> **WHAT YOU WILL DO**
Return all the entries exactly. No pictures.

> **MATERIAL PROVIDED**
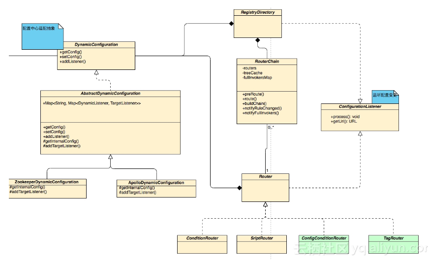 - Router,接收并解析路由规则,接收地址列表,根据路由规则完成过滤动作,并返回过滤后的地址列表。其本身也是一个ConfigurationListener,随时接收路由规则更新。
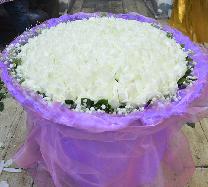 材料包裝: 365朵白玫瑰,紫色網紗包裝
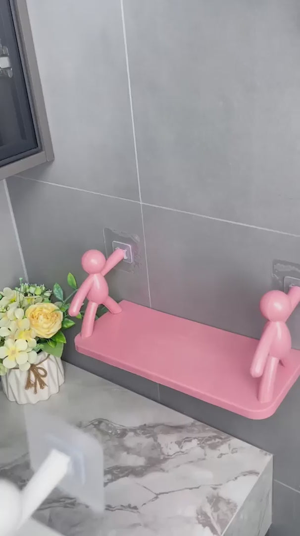 Estantes de pared modernos de plástico con figuras humanoides - Estantería de almacenamiento de varios niveles para baño, cocina o decoración de baño, detalles blancos y dorados, diseño de colgamiento de pared, estantes de baño | Estantes de pared modern
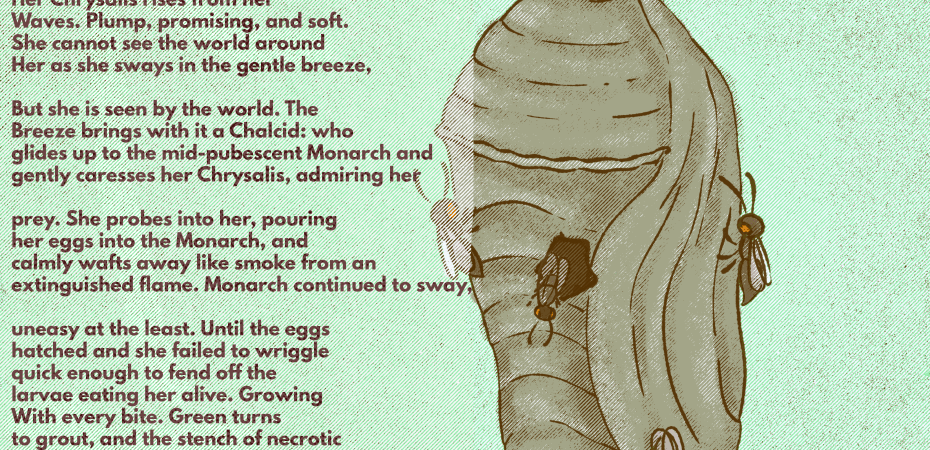 I thought a good way to illustrate this feeling would be the relationship between a monarch and a parasitic wasp. Certain species of chalcid wasps will stalk monarch caterpillars and wait for them to form their chrysalis. Once the caterpillar has formed its chrysalis, chalcids will swoop in and lay eggs in the chrysalis while it is still soft. There is nothing that the caterpillar can do to defend itself in this state. The chalcid larvae will eventually hatch and eat the monarch alive. Instead of a monarch emerging, chalcids will pour out of small holes in the chrysalis and leave the empty chrysalis as a reminder of something that could have been but was not.
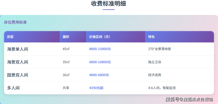 海景单人间:8800-15800元/月(45㎡,270°全景落地窗)
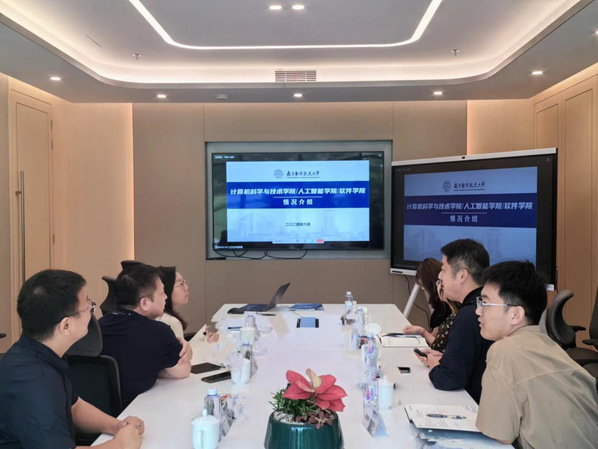 计算机学院院友、荣耀云服务南京地域负责人卫峰,荣耀终端有限公司东部招聘总监罗毅,荣耀终端有限公司东部招聘经理王坤等热情接待计算机学院一行。
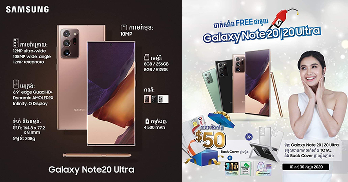 (ភ្នំពេញ) ថ្ងៃទី ០៤ ខែកញ្ញា ឆ្នាំ២០២០៖ កាន់តែពិសេស…!! រាល់ការទិញ Samsung Galaxy Note 20 ឬ Galaxy Note 20 Ultra ចាប់ពីថ្ងៃទី ០១ ខែកញ្ញា ឆ្នាំ២០២០ ដល់ថ្ងៃទី ៣០ ខែកញ្ញា ឆ្នាំ ២០២០ អតិថិជនទាំងអស់នឹងទទួលបានការថែមជូនគូប៉ុងចាក់ប្រេងឥន្ធៈតម្លៃ ៥០ ដុល្លារ ភ្លាម…!!
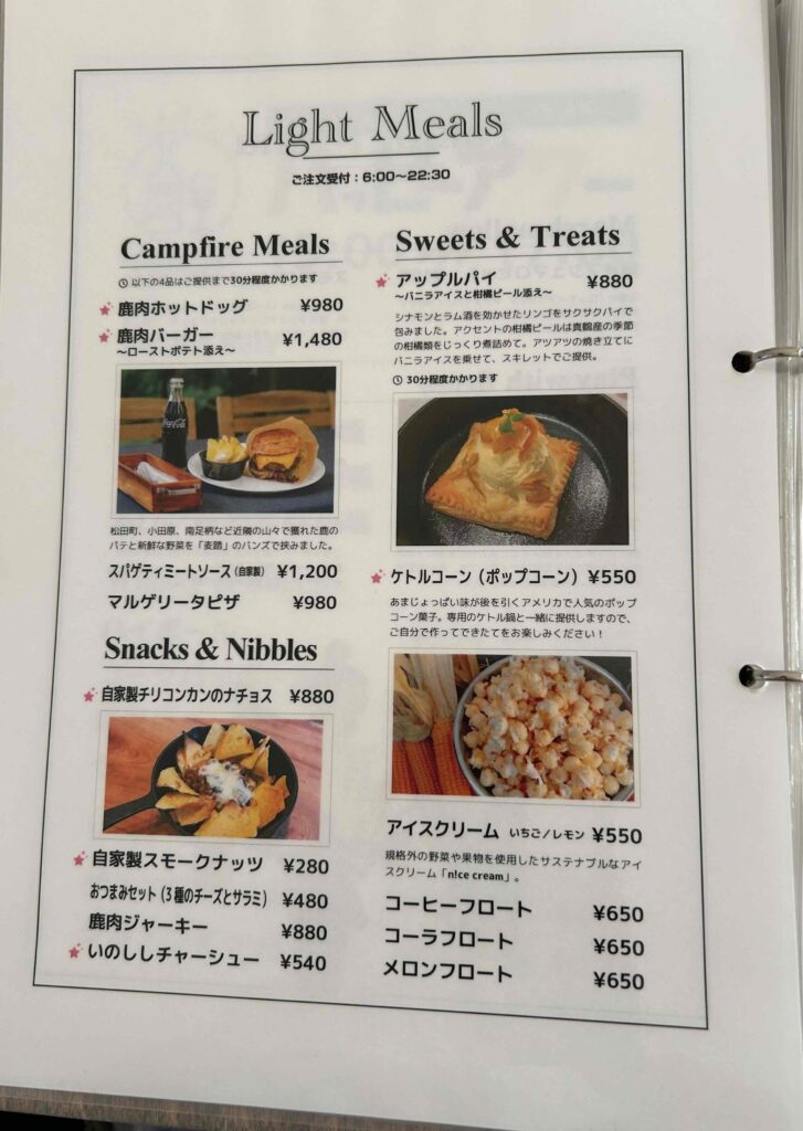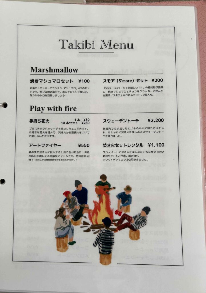 敷地内にある焚火を楽しみながら堪能できるメニューもあります。

> **RESPONSE**
 - Router,接收并解析路由规则,接收地址列表,根据路由规则完成过滤动作,并返回过滤后的地址列表。其本身也是一个ConfigurationListener,随时接收路由规则更新。
 材料包裝: 365朵白玫瑰,紫色網紗包裝
 Estantes de pared modernos de plástico con figuras humanoides - Estantería de almacenamiento de varios niveles para baño, cocina o decoración de baño, detalles blancos y dorados, diseño de colgamiento de pared, estantes de baño | Estantes de pared modern
 I thought a good way to illustrate this feeling would be the relationship between a monarch and a parasitic wasp. Certain species of chalcid wasps will stalk monarch caterpillars and wait for them to form their chrysalis. Once the caterpillar has formed its chrysalis, chalcids will swoop in and lay eggs in the chrysalis while it is still soft. There is nothing that the caterpillar can do to defend itself in this state. The chalcid larvae will eventually hatch and eat the monarch alive. Instead of a monarch emerging, chalcids will pour out of small holes in the chrysalis and leave the empty chrysalis as a reminder of something that could have been but was not.
 海景单人间:8800-15800元/月(45㎡,270°全景落地窗)
 计算机学院院友、荣耀云服务南京地域负责人卫峰,荣耀终端有限公司东部招聘总监罗毅,荣耀终端有限公司东部招聘经理王坤等热情接待计算机学院一行。
 (ភ្នំពេញ) ថ្ងៃទី ០៤ ខែកញ្ញា ឆ្នាំ២០២០៖ កាន់តែពិសេស…!! រាល់ការទិញ Samsung Galaxy Note 20 ឬ Galaxy Note 20 Ultra ចាប់ពីថ្ងៃទី ០១ ខែកញ្ញា ឆ្នាំ២០២០ ដល់ថ្ងៃទី ៣០ ខែកញ្ញា ឆ្នាំ ២០២០ អតិថិជនទាំងអស់នឹងទទួលបានការថែមជូនគូប៉ុងចាក់ប្រេងឥន្ធៈតម្លៃ ៥០ ដុល្លារ ភ្លាម…!!
 敷地内にある焚火を楽しみながら堪能できるメニューもあります。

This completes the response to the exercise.